11

I'm trying to make an interactive program which primarily uses matplotlib to make scatter plots of rather a lot of points (10k-100k or so). Right now it works, but changes take too long to render. Small numbers of points are ok, but once the number rises things get frustrating in a hurry. So, I'm working on ways to speed up scatter, but I'm not having much luck

There's the obvious way to do thing (the way it's implemented now) (I realize the plot redraws without updating. I didn't want to alter the fps result with large calls to random).

import matplotlib.pyplot as plt
import numpy as np
import matplotlib as mpl
import time


X = np.random.randn(10000)  #x pos
Y = np.random.randn(10000)  #y pos
C = np.random.random(10000) #will be color
S = (1+np.random.randn(10000)**2)*3 #size

#build the colors from a color map
colors = mpl.cm.jet(C)
#there are easier ways to do static alpha, but this allows 
#per point alpha later on.
colors[:,3] = 0.1

fig, ax = plt.subplots()

fig.show()
background = fig.canvas.copy_from_bbox(ax.bbox)

#this makes the base collection
coll = ax.scatter(X,Y,facecolor=colors, s=S, edgecolor='None',marker='D')

fig.canvas.draw()

sTime = time.time()
for i in range(10):
    print i
    #don't change anything, but redraw the plot
    ax.cla()
    coll = ax.scatter(X,Y,facecolor=colors, s=S, edgecolor='None',marker='D')
    fig.canvas.draw()
print '%2.1f FPS'%( (time.time()-sTime)/10 )

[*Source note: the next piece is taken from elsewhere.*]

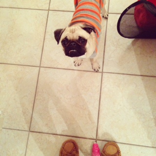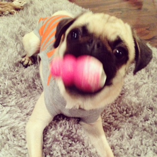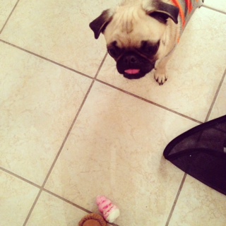 小腹が空いた時のナナさんは、飼い主のもとへKongを持ってきます。わざと無視しても気付かせようとし、何回もばんばん音を立てて投げ落とします。

Which gives a speedy 0.7 fps

Alternatively, I can edit the collection returned by scatter. For that, I can change color and position, but don't know how to change the size of each point. That would I think look something like this

import matplotlib.pyplot as plt
import numpy as np
import matplotlib as mpl
import time


X = np.random.randn(10000)  #x pos
Y = np.random.randn(10000)  #y pos
C = np.random.random(10000) #will be color
S = (1+np.random.randn(10000)**2)*3 #size

#build the colors from a color map
colors = mpl.cm.jet(C)
#there are easier ways to do static alpha, but this allows 
#per point alpha later on.
colors[:,3] = 0.1

fig, ax = plt.subplots()

fig.show()
background = fig.canvas.copy_from_bbox(ax.bbox)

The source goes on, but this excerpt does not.